One such implication is presented by this case, which invites this Court to reconsider the presumption that parole and probation case law apply equally to supervised release. See Haymond, 139 S. Ct. at 2382; see also Johnson, 529 U.S. at 724-25 (Scalia, J., dissenting) (arguing that “equat[ing] parole and supervised release is unpersuasive” because “the Sentencing Reform Act‘s adoption of supervised release was meant to make a significant break with prior practice“). We should accept the invitation and recognize what has long been true but, until now, has gone unaddressed: the supervised release system‘s differences from probation and parole necessitate additional constitutional protections.
Supervised release sanctions are “part of the penalty for the initial offense.” Johnson, 529 U.S. at 700; see also Haymond, 139 S. Ct. at 2379-80 (plurality opinion); Haymond, 139 S. Ct. at 2386 (Breyer, J., concurring).
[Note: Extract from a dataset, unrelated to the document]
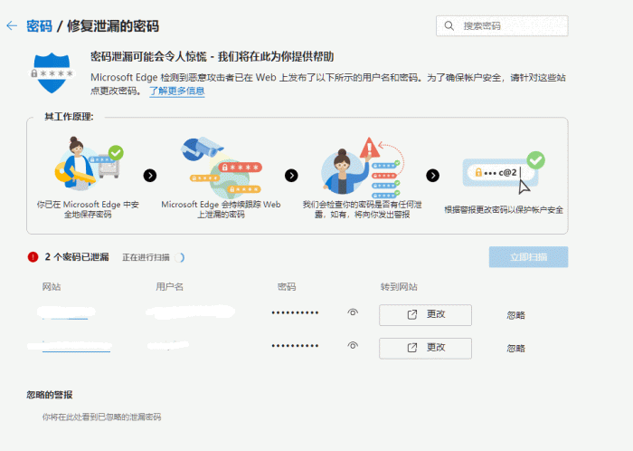 從 Microsoft Edge 88 開始,用戶密碼將被檢查與已知被破壞的憑證庫,如果發(fā)現(xiàn)匹配,將向用戶發(fā)送警報。

And supervised release revocation can result in a new, additional term of incarceration. See Thompson, 777 F.3d at 372; Siegel, 753 F.3d at 707. Therefore, a supervised release revocation proceeding should be regarded as a “sentencing proceeding,” and the same constitutional protections available at
the initial sentencing should attach.5 See Haymond, 139 S. Ct. at 2377-80 (plurality opinion).
The Supreme Court has “repeatedly rejected efforts to dodge the demands of the Fifth and Sixth Amendments by the simple expedient of relabeling a criminal prosecution” as an “enhancement,” “modification,” or “postjudgment sentence-administration proceeding.” Id. at 2379. Here, a supervised release revocation proceeding is a sentencing proceeding, regardless of what the government labels it. Its purpose is to modify the supervised release portion of the defendant‘s sentence—which is one portion of a single, unified sentence for the original offense—and potentially impose a new term of incarceration followed by a new term of supervised release. And it is well-established that sentencing is a critical stage of the criminal prosecution, such that the Fifth Amendment applies. Mitchell v. United States, 526 U.S. 314, 328 (1999); Mempa v. Rhay, 389 U.S. 128, 137 (1967).
Indeed, it is especially vital that the protection against the use of compelled statements applies at sentencing proceedings: “To say that [the defendant] ha[s] no right to remain silent but instead could be compelled to cooperate in the deprivation of her liberty would ignore the Fifth Amendment privilege at the precise stage where, from her point of
view, it was most important.” See Mitchell, 526 U.S. at 327-28. That principle applies just as forcefully to a revocation proceeding—where additional terms of incarceration and supervised release are considered—as it does to the initial sentencing.
Unlike parole and probation revocations, supervised release revocation proceedings uniquely allow for the imposition of new prison sentences. Just like the initial sentencing proceeding, then, constitutional protections should apply. Here, I would find that Mr. Ka‘s supervised release revocation proceeding was a sentencing proceeding, part of his “criminal prosecution,” and the Fifth Amendment‘s protection against the use of compelled statements applied. Because the majority declines to do so, I respectfully dissent.